Two fully formulated SAE 15W-40 multigrade oils are compared. The oils are blended in the same base oils (61 mass % Exxon ESN150 and15mass % Exxon ESN600) using identical viscosity modifiers (8 mass % PARATONE 8452 available from Exxon Chemical Limited), and 16 mass % of generally similar detergent inhibitor packages containing ashless dispersant, ash-containing detergent, antioxidant, anti- wear additive, demulsifier, friction modifier, and anti-foam additive. The ashless dispersant in both examples is the product prepared from an ethylene-butene copolymer (Mn = 3250, ethylene content = 46%, terminal vinylidene = 66%) functionalised by a carbonyl group introduced by the Koch reaction, and subsequently aminated and then borated, described hereinbefore as EBCO/PAM. The overbased detergent component used in the formulation of Example 9 is the 407 TBN sodium sulfonate/carboxylate additive, referred to hereinbefore as "Na 1". By way of comparison Comparative Example E replaces Na 1 by the 406 TBN magnesium sulphonate additive, described hereinbefore as "Mg".

Acid Neutralisation Test

The acid neutralisation test is carried out by placing a 20g sample of the oil under test in a stirred 50ml reaction flask closed to the atmosphere. This flask is held in an oil bath at 60°C and connected to a pressure transducer. The system is allowed to come to equilibrium, then 0.7ml 5M sulphuric acid is added and the pressure of carbon dioxide released by the acid treat is plotted against time. The results are expressed in Table 4 as the time to reach a carbon dioxide pressure of 1 , 1.5 and 2 psi (6.9, 10.3 and 13.8kPa). The more efficient the overbased additive is to neutralise acid build up, the shorter the time to reach a particular carbon dioxide pressure.

Panel Coker Test

The test was carried out usinga panel coking tester of the type available from Yoshida Kagaku Kikai Co. of Osaka, Japan as model PK-S, which corresponds to that described in Federal Test Method Standard No. 791 B. It was operated using a slightly modified procedure described below. The apparatus operates by splashing the test oil onto the underside of a heated test panel, which is sloped so that the oil either forms deposits on the panel or drains off into a sump from which it is recycled. The test panels are of aluminium alloy milled to a tolerance of 0.8μ which are prepared by washing first in acetone then in heptane, followed by drying at 60°C, before being placed in the apparatus.

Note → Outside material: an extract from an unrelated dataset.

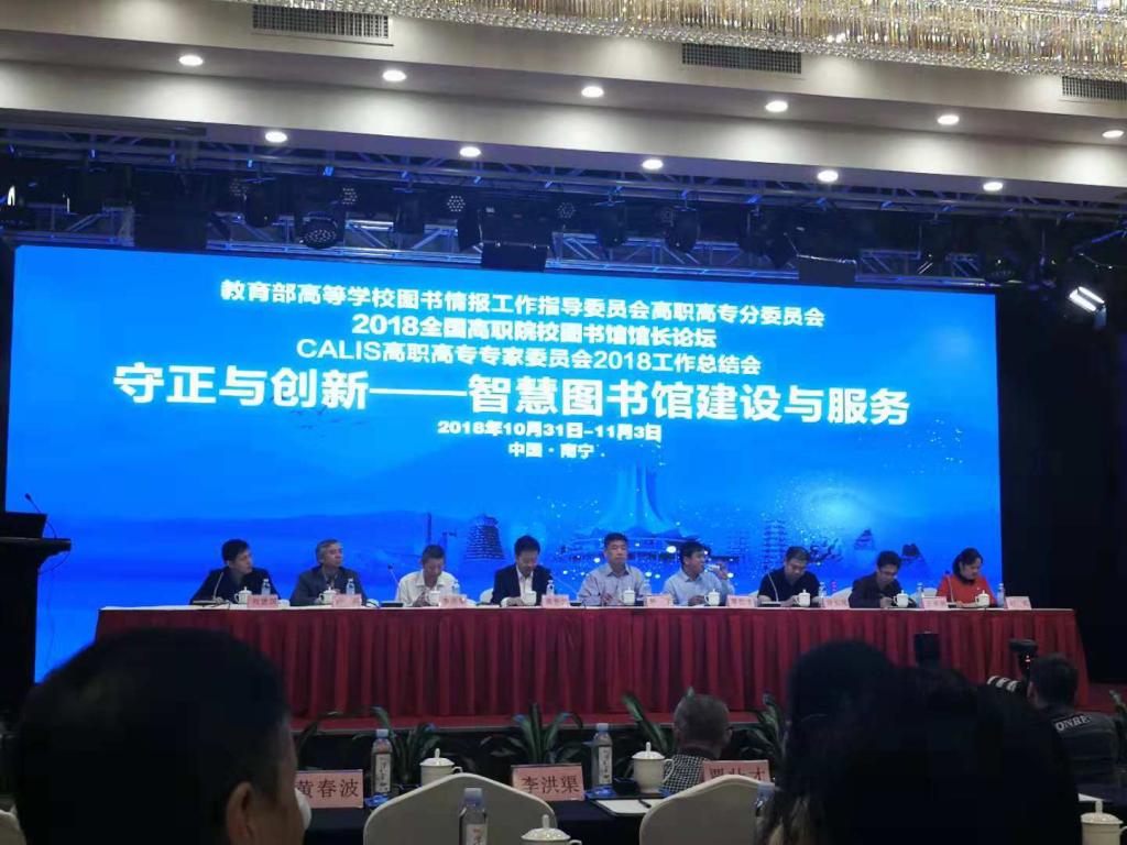 11月1日至2日,由教育部高等学校图书情报工作指导委员会高职高专分委员会、全国高职院校图书馆馆长论坛主办,南宁职业技术学院承办的2018年教育部高等学校图书情报工作指导委员会高职高专院校分委员会年会暨2018全国高职院校图书馆馆长论坛会议在南宁召开。来自全国各地300多所高职高专院校图书馆的近500位代表参加了本次会议。会议围绕“守正与创新——智慧图书馆服务与建设”主题,就高职院校图书馆文献信息资源建设、信息服务、信息技术与系统、文化育人与阅读推广等问题展开了两天的学术交流。纽约国际官网图书馆馆长袁素瑛、副研究馆员姚彤参加了会议。

225g of test oil is placed in the sump of the tester which is then set to operate for cycles of 15s on/45s off for 1 hour, at a sump temperature of 100°C and at panel temperatures of 280°C and 320°C. At the end of each test the panel is cooled, washed in heptane and dried. The panels are visually rated to give an indication of the type and density of deposits which are recorded as "merits" (the higher the better). The performance at the two panel temperatures is a measure of the tendency to form piston deposits on the lower (cooler) and upper (hotter) parts of a piston during lubrication of an engine.

The results of the tests on the two test oils is set out in Table 4 below:

Table 4

The results demonstrate the benefits of the invention in improved engine cleanliness and corrosion reduction.